Syncing task radical.entk.task.0009 with state FAILED
Synced task radical.entk.task.0009 with state FAILED
2018-08-01 01:05:20,112: radical.entk.wfprocessor.0000: wfprocessor : dequeue-thread : DEBUG : radical.entk.task.0009 with state FAILED synced with AppManager
2018-08-01 01:05:20,113: radical.entk.wfprocessor.0000: wfprocessor : dequeue-thread : INFO : Transition of radical.entk.task.0009 to new state FAILED successful
...
...
...
2018-08-01 01:05:20,125: radical.entk.wfprocessor.0000: wfprocessor : MainThread : INFO : Terminating enqueue-thread
2018-08-01 01:05:20,126: radical.entk.wfprocessor.0000: wfprocessor : enqueue-thread : INFO : Enqueue thread terminated
2018-08-01 01:05:20,129: radical.entk.wfprocessor.0000: wfprocessor : enqueue-thread : ERROR : Error in enqueue-thread:
Traceback (most recent call last):
File "/ccs/home/lei/miniconda2/lib/python2.7/site-packages/radical/entk/appman/wfprocessor.py", line 423, in _enqueue
self._mq_connection.close()
File "/ccs/home/lei/miniconda2/lib/python2.7/site-packages/pika/adapters/blocking_connection.py", line 688, in close
self._flush_output(self._closed_result.is_ready)
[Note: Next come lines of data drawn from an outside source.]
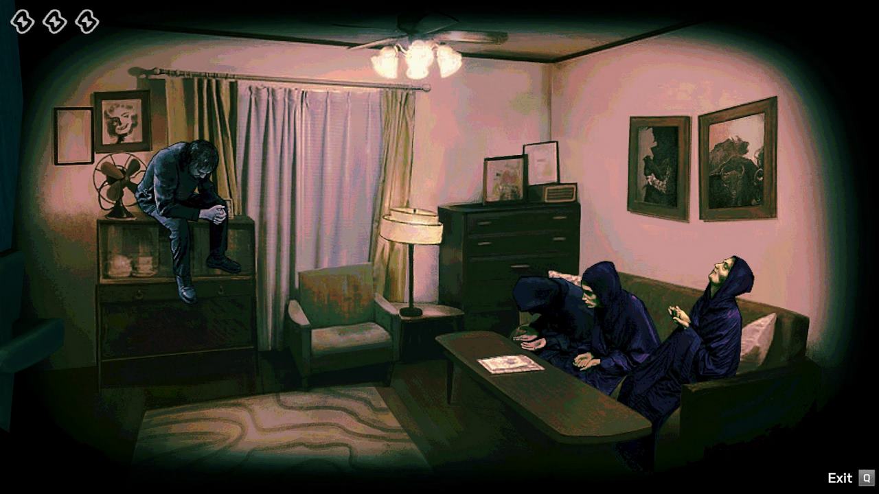 Vad är det för något utanför vår kontroll som kan ändra en omgång helt? Framförallt när myndigheterna (FEMA) knackar på och ber oss överlämna en eller två av våra skyddslingar. Utöver att ställa vår moral på prov så fungerar de människor vi tagit in lite som en typ av livmätare. Så länge de alla är människor är vi aldrig ensamma, för när vi väl är det, eller huset i princip tagits över av “besökare”, knackar en i synnerhet otrevlig rackare på. En lång och gänglig man med ett överdrivet brett leende. Han dyker upp med jämna mellanrum och hör sig för om hur det står till med oss. Om vi är ensamma, ja då är den omgången så gott som över. Om vi inte är ensamma lämnar han oss i fred – tills vidare.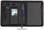 The Stockton 5000 mAh Wireless Charging Journal with FSC® Mix Paper is as practical as it is attractive. With a built-in 5000 mAh powerbank, this refillable journal offers wireless-charging capability, too. It supports wireless charging up to 1A for: iPhone 8/8Plus/X/XS/XS Max/XR/11/11 Pro/11 Pro Max *Samsung Galaxy Note5/S6/S6 Edge/S6 Edge+/S7/S7 Edge/S8/S8+/S9/S9+/Note 9 * Google Nexus 5/6/7 * HTC Droid DNA, 8X * LG G3/G4, Lucid 2/3 * Nokia Lumia 920/930 *. The powerbank includes a USB port for wired charging. The Stockton’s zip-closure folio features a phone pocket, built-in phone stand, and elastic pen loop, while 5.5” X 8.5” bound notebook includes 64 sheets of cream-colored FSC® Mix lined paper. This journal ships in a one-piece FSC®-certified gift box. 1.50″ D x 7.48″ W x 9.65″ H
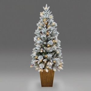 PROFESSIONAL ENTRANCE TREE- Standing at 5 feet tall, this artificial Christmas tree trimmed with holy ornaments and lights will help you to build a warm welcoming place. In this way, you can illuminate your front door and leave good impression for your guests. DENSE BRANCHES WITH SNOW- This Xmas tree has a full-bodied and dense appearance, which is formed by 356 individually crafted branch tips. The leafy branch tips are covered with thick snow powder, simulating the sense of wintry Christmas, and several pine cones and red berries make the tree full of attractiveness. PRE-STRUNG LED LIGHTS- This pre-lit Xmas tree with 100 warm white LED lights can make the tree shining in both day time and night time. Hence, which will make your welcoming place a conspicuous guidepost for your family and friends. Multi-function (8 Modes): You can control how you want the lights with the multi-function- waves, sequential, slogs, chasing/flash, slow fade, twinkle/flash, steady on and combination. WIDE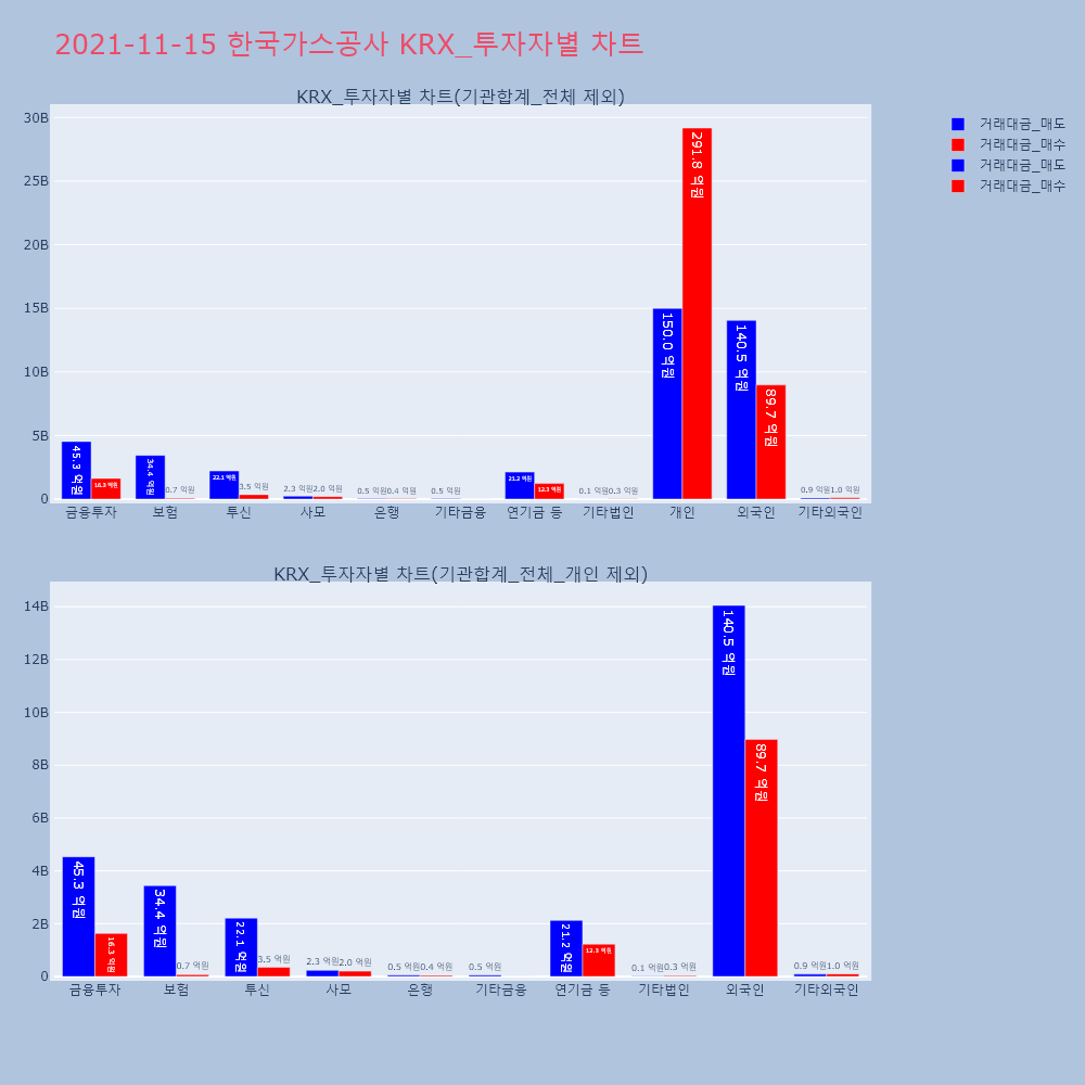 | 투자기관 | 거래량_매도 | 거래량_매수 | 거래량_순매수 | 거래대금_매도 | 거래대금_매수 | 거래대금_순매수 |

File "/ccs/home/lei/miniconda2/lib/python2.7/site-packages/pika/adapters/blocking_connection.py", line 440, in _flush_output
raise exceptions.ConnectionClosed()
ConnectionClosed
Exception in thread enqueue-thread:
Traceback (most recent call last):
File "/ccs/home/lei/miniconda2/lib/python2.7/threading.py", line 801, in __bootstrap_inner
self.run()
File "/ccs/home/lei/miniconda2/lib/python2.7/threading.py", line 754, in run
self.__target(*self.__args, **self.__kwargs)
File "/ccs/home/lei/miniconda2/lib/python2.7/site-packages/radical/entk/appman/wfprocessor.py", line 441, in _enqueue
raise Error(text=ex)
Error: Error:
2018-08-01 01:05:20,137: radical.entk.wfprocessor.0000: wfprocessor : MainThread : INFO : Terminating dequeue-thread
2018-08-01 01:05:20,138: radical.entk.wfprocessor.0000: wfprocessor : dequeue-thread : INFO : Terminated dequeue thread
The profile test has finished.
In conclusion, through all of our tests, we observed 20-40sec(30sec on average) for each unit runs, in-regardless of the simulation size and duration. In other words, the overhead using ENTK is constant.
We are happy about the result now and the issue will be close.
Is it possible to provide the users with tools that will visualize the profile files? such as blocks and time lines shows when did job start and end, how much resource did each job end? So it will be easier for users to check the status of jobs.